Goldman Sachs for one believes the customer responses to initial testing in California and Colorado mirrored those now haunting the company in the national rollout (of course we will never know—that data isn't public). But even more troublesome, according to Goldman, "A very negative reaction to the queso launch suggests Chipotle launched a product that is not meeting consumer expectations, and, as a result, missed a potentially significant opportunity to add queso as an incremental add-on." They can't unring the national queso bell, everybody has already formed their first and final impressions of it, and it seems like it never had a chance.
Like we said, it's not enough to conduct the market research. You have to know what to do with it, and realize that it is not a kevlar vest that insulates you from negative customer perception. Once it started to smell like Chipotle had cut the cheese, it was already too late. They'd rushed a product to market, likely reassured by early market research but also so eager for a win.
Focus Groups and Dine Alongs
So below, we will offer a few thoughts. No,this is not Monday Morning Quarterbacking for a couple of reasons. First, we don't' have the game tape—without access to Chipotle's internal market research, it's hard to know what they ran, what the data told them, and what they did with it. And second, well, it's just unbecoming. Ask Peter King.
One thing jumps out at us almost immediately: there seems to be some discrepancy about what their initial regional market research told them. While Goldman is suspicious that the results were in fact quite similar to the tepid national rollout, Chipotle claims otherwise. Company spokesman Chris Arnold said that 93% of diners who ordered queso on an entree during the tests on the West Coast said that they "liked or loved" the product, and 76% of customers who ordered queso as a side with chips "liked or loved" it. Even more important, he claims, 63% of respondents who tried the new menu item said it made them more likely to visit the restaurant more often.

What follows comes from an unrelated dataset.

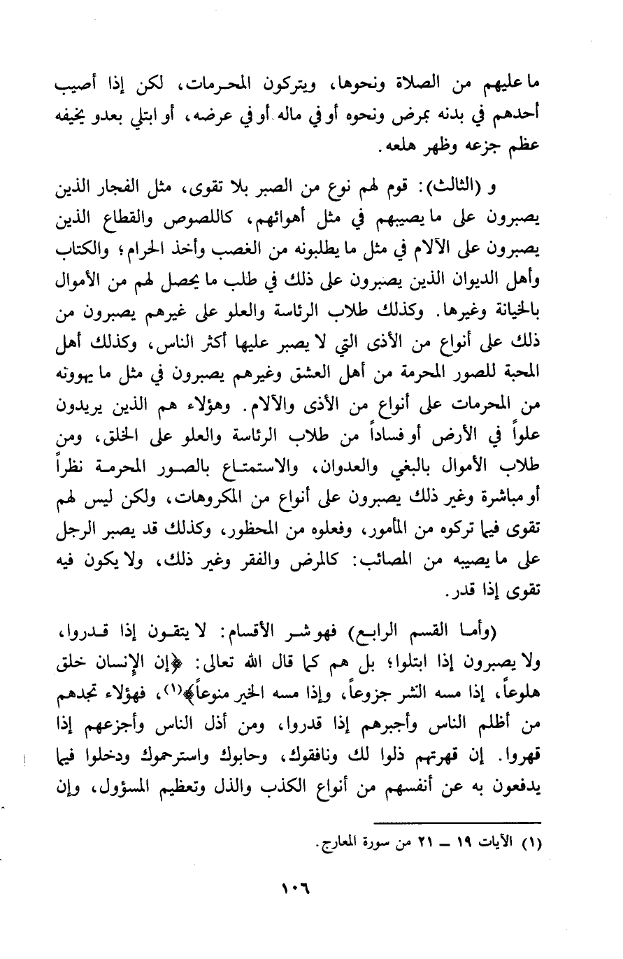 مَا عَلَيْهِم من الصَّلَاة وَنَحْوهَا ويتركون الْمُحرمَات لَكِن اذا أُصِيب أحدهم فِي بدنه بِمَرَض وَنَحْوه أَو فِي مَاله أَو فِي عرضه أَو ابْتُلِيَ بعدو يخيفه عظم جزعه وَظهر هلعه وَالثَّالِث قوم لَهُم نوع من الصَّبْر بِلَا تقوى مثل الْفجار الَّذين يصبرون على مَا يصبيهم فِي مثل أهوائهم كاللصوص والقطاع الَّذين يصبرون على الآلام فِي مثل مَا يطلبونه من الْغَصْب وَأخذ الْحَرَام وَالْكتاب وَأهل الدِّيوَان الَّذين يصبرون على ذَلِك فِي طلب مَا يحصل لَهُم من الْأَمْوَال بالخيانة وَغَيرهَا وَكَذَلِكَ طلاب الرِّئَاسَة والعلو على غَيرهم يصبرون من ذَلِك على أَنْوَاع من الْأَذَى الَّتِي لَا يصبر عَلَيْهَا أَكثر النَّاس وَكَذَلِكَ أهل الْمحبَّة للصور الْمُحرمَة من أهل الْعِشْق وَغَيرهم يصبرون فِي مثل مَا يهوونه من الْمُحرمَات على أَنْوَاع من الْأَذَى والآلام وَهَؤُلَاء هم الَّذين يُرِيدُونَ علوا فِي الأَرْض أَو فَسَادًا من طلاب الرِّئَاسَة والعلو على الْخلق وَمن طلاب الْأَمْوَال بالبغي والعدوان والاستمتاع بالصور الْمُحرمَة نظرا أَو مُبَاشرَة وَغير ذَلِك يصبرون على أَنْوَاع من المكروهات وَلَكِن لَيْسَ لَهُم تقوى فِيمَا تَرَكُوهُ من الْمَأْمُور وفعلوه من الْمَحْظُور وَكَذَلِكَ قد يصبر الرجل على مَا يُصِيبهُ من المصائب كالمرض والفقر وَغير ذَلِك وَلَا يكون فِيهِ تقوى اذا قدر وَأما الْقسم الرَّابِع فَهُوَ شَرّ الْأَقْسَام لَا يَتَّقُونَ اذا قدرُوا وَلَا يصبرون اذا ابتلوا بل هم كَمَا قَالَ الله تَعَالَى ان الانسان خلق هلوعا واذا مَسّه الشَّرّ جزوعا واذا مَسّه الْخَيْر منوعا فَهَؤُلَاءِ تجدهم من أظلم النَّاس وأجبرهم اذا قدرُوا وَمن أذلّ النَّاس وأجزعهم اذا قهروا ان قهرتهم ذلوا لَك ونافقوك وحابوك واسترحموك ودخلوا فِيمَا يدْفَعُونَ بِهِ عَن أنفسهم من أَنْوَاع الْكَذِب والذل وتعظيم المسؤول وان

So something's going on here. It's not that Goldman or Chipotle have it entirely correct—the truth is probably somewhere in the middle: the initial tests were favorable but not fanatic, and were encouraging enough for Chipotle (again, desperate for a win) to push to market. In either case, Chipotle, by putting its queso eggs in but two market baskets, did not provide itself a complete picture.
That's where online focus groups come in. Assembling a demographically and regionally diverse sample to test new products is paramount. While in-person focus groups add depth, they necessarily occur at time in one place. Yes, the logistics of getting the product to these people is a nightmare, but isn't it preferable to an ill-advised national rollout?
Something else we don't know: how deep did their market research go? Are we talking quick exit surveys? A VOC prompt on the receipt? In specific situations, these methodologies are great, but don't give the depth you are looking for when heading to market. You don't just want to know if somebody likes or loves a product, you want to know why, and how, and if there are any improvements to be made despite the favorable reaction.
Dine-alongs and panel surveys give food purveyors all they need to know about a customer's dining experience, and, if you know where to look, will alert you to any cheesy trouble bubbles heading your way.
Again we don't know what market research they ran, what it told them, or to what extent they followed it. One thing is clear though. As K Global partner Gene Grabowski put it, "You have no place to go but down when you announce it with trumpets and rose petals."
We had this blog ready to go on Friday. But we didn't publish it until today. Because unlike Chipotle, we did not want to rush it.